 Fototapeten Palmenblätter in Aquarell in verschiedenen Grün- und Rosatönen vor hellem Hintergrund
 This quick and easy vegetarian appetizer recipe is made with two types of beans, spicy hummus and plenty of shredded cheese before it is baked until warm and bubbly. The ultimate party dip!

--

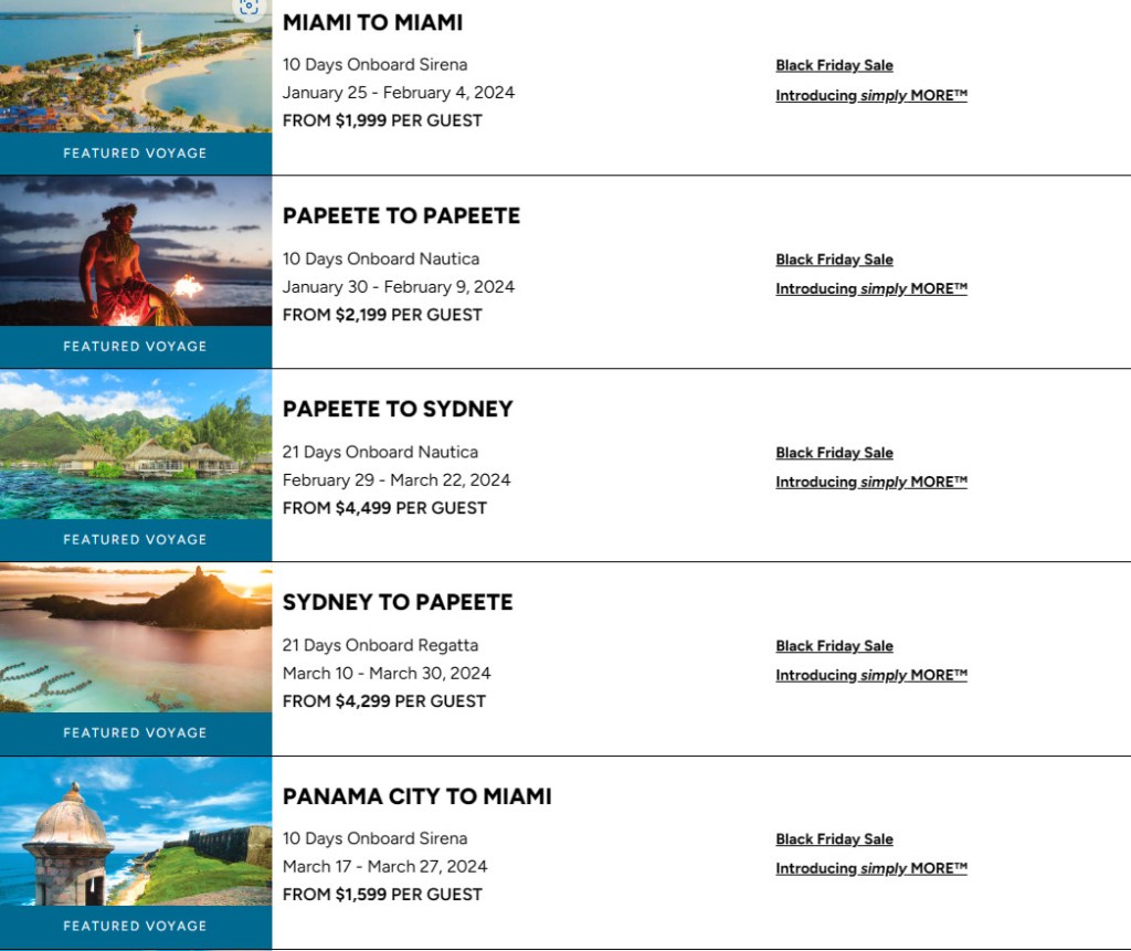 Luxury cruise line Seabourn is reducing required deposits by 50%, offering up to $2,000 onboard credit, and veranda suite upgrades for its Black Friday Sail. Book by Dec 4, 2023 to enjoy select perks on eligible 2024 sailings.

Instructions for the task
Once you find the line with "Fototapeten Palmenblätter in" above, print it and every line after it up to and including the line with "This quick and", exactly as written and nothing else.

Response area
 Fototapeten Palmenblätter in Aquarell in verschiedenen Grün- und Rosatönen vor hellem Hintergrund
 This quick and easy vegetarian appetizer recipe is made with two types of beans, spicy hummus and plenty of shredded cheese before it is baked until warm and bubbly. The ultimate party dip!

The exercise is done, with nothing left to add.